Santa Rosa, California, May 30, 2026, 14:03 (PDT)
- Summit State Bank ended at $13.57 on Friday, slipping 0.07% in a holiday-shortened week with light trading.
- The shares finished the week little changed. Bank of Marin and Westamerica moved up.
- Investors go into next week with stronger margins but face more non-performing assets.
Summit State Bank closed Friday at $13.57, pretty much unchanged for the week. The Sonoma County lender’s shares stayed just under their recent highs in a muted session.
The size of the move is less important than what it tells traders: markets are still watching this small community bank, which has better margins now but credit worries remain. Nasdaq was shut Monday for Memorial Day and is also closed on weekends, so SSBI only has a four-day week with normal trading not picking up until the open next Monday.
The shares fell a penny Friday as 4,559 traded. SSBI ended at $13.56 on May 22, then moved to $13.61 on Tuesday, $13.63 on Wednesday, $13.58 Thursday, and finished the week at $13.57 Friday. That’s a roughly 0.1% gain for the short week.
The move was milder than other California bank stocks. Bank of Marin Bancorp ticked up 0.2% Friday. Westamerica Bancorporation also added 0.2%. The SPDR S&P Regional Banking ETF, which tracks regional banks, finished 0.1% higher.
Summit is trading close to its 52-week range, between $9.40 and $14.00. Investing.com puts the company’s market cap at about $92 million, with a price-to-book ratio of 0.9. That’s below the accounting value of its equity.
Summit State Bank reported first-quarter net income of $1.67 million, or 25 cents per diluted share, down from $2.49 million, or 37 cents a share, in the same period last year. Pre-tax, pre-provision income rose to $3.32 million from $2.47 million.

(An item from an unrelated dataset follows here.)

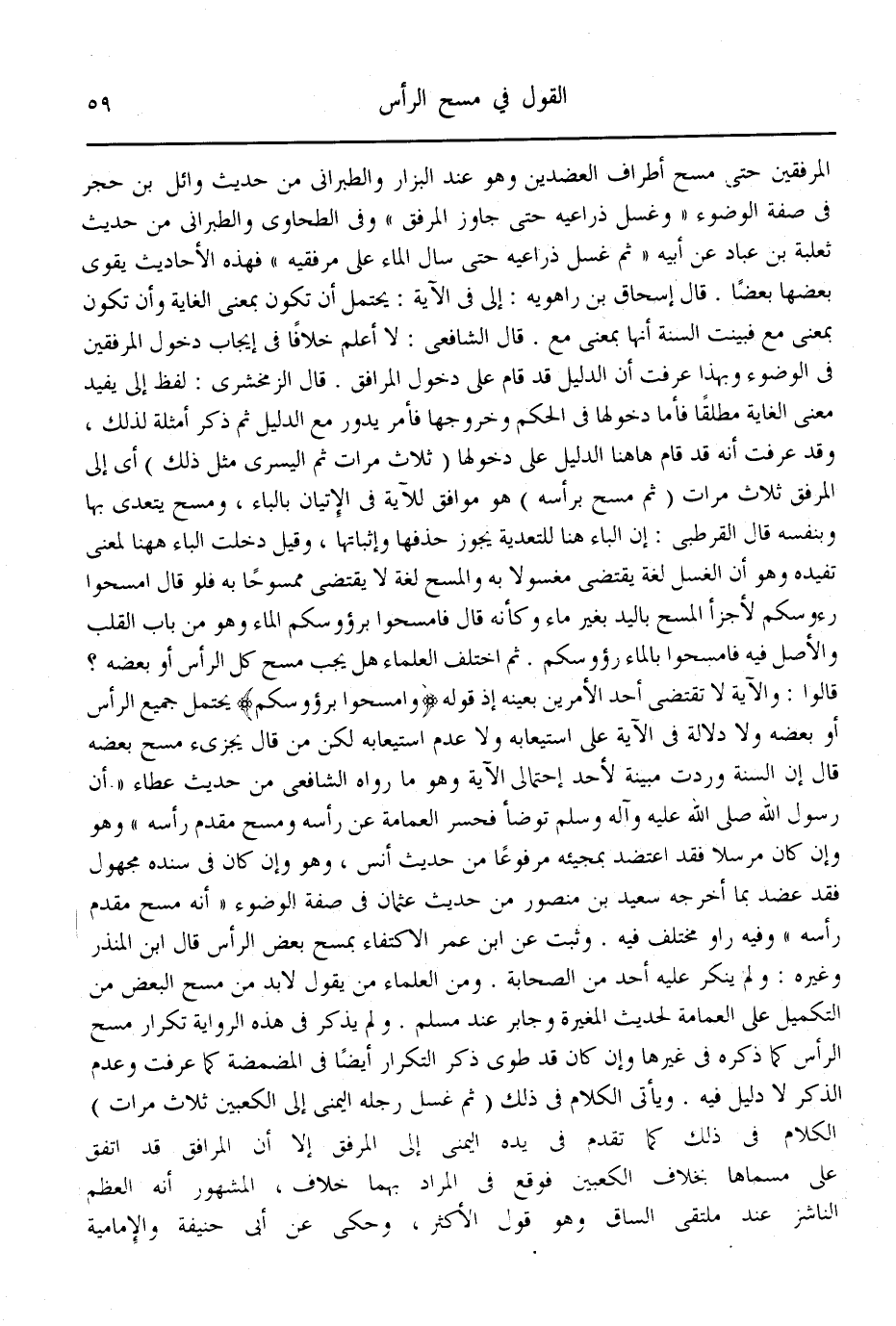 [ثُمَّ مَسَحَ بِرَأْسِهِ] هُوَ مُوَافِقٌ لِلْآيَةِ فِي الْإِتْيَانِ بِالْبَاءِ، وَمَسَحَ يَتَعَدَّى بِهَا وَبِنَفْسِهِ؛ قَالَ الْقُرْطُبِيُّ: إنَّ الْبَاءَ هُنَا لِلتَّعْدِيَةِ، يَجُوزُ حَذْفُهَا وَإِثْبَاتُهَا، وَقِيلَ: دَخَلَتْ الْبَاءُ هَاهُنَا لِمَعْنًى تُفِيدُهُ وَهُوَ: أَنَّ الْغَسْلَ لُغَةً يَقْتَضِي مَغْسُولًا بِهِ، وَالْمَسْحَ لُغَةً لَا يَقْتَضِي مَمْسُوحًا بِهِ، فَلَوْ قَالَ: امْسَحُوا رُءُوسَكُمْ - لَأَجْزَأَ الْمَسْحُ بِالْيَدِ بِغَيْرِ مَاءٍ، وَكَأَنَّهُ قَالَ: فَامْسَحُوا بِرُءُوسِكُمْ الْمَاءَ، وَهُوَ مِنْ بَابِ الْقَلْبِ، وَالْأَصْلُ فِيهِ: فَامْسَحُوا بِالْمَاءِ رُءُوسَكُمْ. ثُمَّ اخْتَلَفَ الْعُلَمَاءُ: هَلْ يَجِبُ مَسْحُ كُلِّ الرَّأْسِ أَوْ بَعْضِهِ؟ قَالُوا: الْآيَةُ لَا تَقْتَضِي أَحَدَ الْأَمْرَيْنِ بِعَيْنِهِ، إذْ قَوْلُهُ: {وَامْسَحُوا بِرُءُوسِكُمْ} [المائدة: 6] يَحْتَمِلُ جَمِيعَ الرَّأْسِ، أَوْ بَعْضَهُ، وَلَا دَلَالَةَ فِي الْآيَةِ عَلَى اسْتِيعَابِهِ، وَلَا عَدَمِ اسْتِيعَابِهِ لَكِنَّ مَنْ قَالَ: يُجْزِئُ مَسْحُ بَعْضِهِ قَالَ: إنَّ السُّنَّةَ وَرَدَتْ مُبَيِّنَةً لِأَحَدِ احْتِمَالَيْ الْآيَةِ، وَهُوَ مَا رَوَاهُ الشَّافِعِيُّ مِنْ حَدِيثِ عَطَاءٍ: «أَنَّ رَسُولَ اللَّهِ - صَلَّى اللَّهُ عَلَيْهِ وَسَلَّمَ - تَوَضَّأَ فَحَسَرَ الْعِمَامَةَ عَنْ رَأْسِهِ وَمَسَحَ مُقَدَّمَ رَأْسِهِ» وَهُوَ وَإِنْ كَانَ مُرْسَلًا، فَقَدْ اعْتَضَدَ بِمَجِيئِهِ مَرْفُوعًا مِنْ حَدِيثِ " أَنَسٍ، وَهُوَ وَإِنْ كَانَ فِي سَنَدِهِ مَجْهُولٌ، فَقَدْ عُضِّدَ بِمَا أَخْرَجَهُ سَعِيدُ بْنُ مَنْصُورٍ، مِنْ حَدِيثِ " عُثْمَانَ " فِي صِفَةِ الْوُضُوءِ: «أَنَّهُ مَسَحَ مُقَدَّمَ رَأْسِهِ» وَفِيهِ رَاوٍ مُخْتَلَفٍ فِيهِ.

Summit president and CEO Brian Reed said the quarter showed “continued commitment to executing on our strategic priorities.” Net income came in below last year, Reed said. He cited growth in net interest margin, tighter expense control, and higher non-interest income.
Net interest margin climbed to 3.77% from 3.19% a year ago. Reed said the gain was 58 basis points, or just above half a point, citing a shift toward a more efficient liability structure and the repricing of loans.
Summit’s balance sheet shrank. Net loans dropped 12% from a year ago to $776.1 million at March 31, and deposits were down 8% to $879.3 million. The company said it wanted to cut balance-sheet risk and raise capital ratios.
The “but” is credit. Non-performing assets stood at $35.2 million on March 31, rising from $21.9 million a year earlier. The bank blamed the jump mostly on some non-accrual loans, including three borrower relationships. Reed said getting credit metrics back on track is still a major goal.
Commercial real estate is still a big focus at Summit, with the bank reporting CRE loans at 79% of its portfolio at the end of the quarter. Summit’s May 18 shareholder deck showed $426 million in Treasury-based loans set to reprice by 2028. The company said it’s targeting new loan originations to reduce CRE concentration and hit an average yield of 6.5%.
Looking at next week, the market’s focus is whether buyers can hold the stock around $14, or if credit concerns limit gains. Delays clearing bad loans, ongoing commercial real estate weakness, or higher deposit costs all make the margin argument more difficult.